The Main Point: Chartwells meal trade rules, restrictions unfair
Chartwells’ policy of limiting meal trade usage to three per transaction is unfair to students.

Imagine being forced to order and pay for five pizzas from a specified restaurant. However, upon arrival, the restaurant only provides three, keeps the cash and says the other two can be picked up later.
That is essentially Chartwells’ meal trade policy, and it is not fair.
According to a Sept. 11 University Star article, Leslie Bulkley, resident district manager of Chartwells, said the reason this policy is in place is to keep high traffic vendors from running out of food.
Imagine if any other restaurant in America had a policy like this. Gil’s would limit the number of Manske rolls a person could purchase, and Grin’s would control the number of burgers that could be on a single ticket. People would not eat there anymore, and the restaurants would likely go out of business.
Unfortunately, choice does not exist in the world of meal trades.

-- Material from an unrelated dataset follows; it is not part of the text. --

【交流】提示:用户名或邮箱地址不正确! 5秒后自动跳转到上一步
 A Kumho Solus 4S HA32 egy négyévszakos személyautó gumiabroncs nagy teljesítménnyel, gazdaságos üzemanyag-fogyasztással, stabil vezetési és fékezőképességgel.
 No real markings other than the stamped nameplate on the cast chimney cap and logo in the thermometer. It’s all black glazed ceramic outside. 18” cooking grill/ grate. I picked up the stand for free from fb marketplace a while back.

The university requires that all freshmen living on campus purchase meal trades, which come in bundles that range in price from $250 to $1,200. Meal trades are only good at on-campus dining locations.
If a restaurant kept running out of food at peak hours, the employees would expand their operations and make more food for customers.

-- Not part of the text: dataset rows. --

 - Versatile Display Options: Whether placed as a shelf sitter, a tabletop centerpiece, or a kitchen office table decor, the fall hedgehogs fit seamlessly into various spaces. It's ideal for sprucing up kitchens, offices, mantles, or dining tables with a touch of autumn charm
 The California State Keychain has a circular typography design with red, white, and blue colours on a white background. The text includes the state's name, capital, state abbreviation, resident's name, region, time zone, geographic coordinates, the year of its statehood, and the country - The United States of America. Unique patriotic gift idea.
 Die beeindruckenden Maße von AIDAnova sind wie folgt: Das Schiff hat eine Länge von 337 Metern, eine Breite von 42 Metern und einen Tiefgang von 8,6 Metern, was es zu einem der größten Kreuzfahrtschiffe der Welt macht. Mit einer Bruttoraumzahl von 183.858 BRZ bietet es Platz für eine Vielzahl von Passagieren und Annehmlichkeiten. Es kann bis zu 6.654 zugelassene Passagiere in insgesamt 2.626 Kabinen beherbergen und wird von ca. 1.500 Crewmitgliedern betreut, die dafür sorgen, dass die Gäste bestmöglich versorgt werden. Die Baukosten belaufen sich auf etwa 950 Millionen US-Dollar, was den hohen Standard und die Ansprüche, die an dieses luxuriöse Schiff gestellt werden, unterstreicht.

Bulkley said Chartwells cannot do that because there are limits as to how long food can sit out before being purchased, but that argument is confusing. If students are buying a lot of food at rapid rates, especially if they want to buy multiple meals at once, then food would not be sitting out long at all.
The university has nothing to gain by making more food. If anything, it would lose money by buying more equipment and food to meet the demands of students. Texas State is making the same profit whether those meal swipes get used or not.
That profit is no small number. According to a Nov. 18, 2010 University Star article, Texas State kept students’ money for 92,236 unused meal trades left at the end of the spring semester that year. And meal trades can be worth as much as $6.88.
The administration might counter that students can always go to the back of the line to pay for more meal swipes after waiting again. However, this is an inconvenience, especially to students who want to treat a group of friends to the food they have already purchased in their meal plans.
The university has nothing to lose by denying students the food for which they have already paid.
The money is already in Texas State and Chartwells’ pockets. The biggest losers are the students.
The only way to make this situation right is for the university to stop limiting the number of meal trades students can use at one time or to let meal trades roll over from spring to fall so students have ample time to use the meal trades they were required to purchase.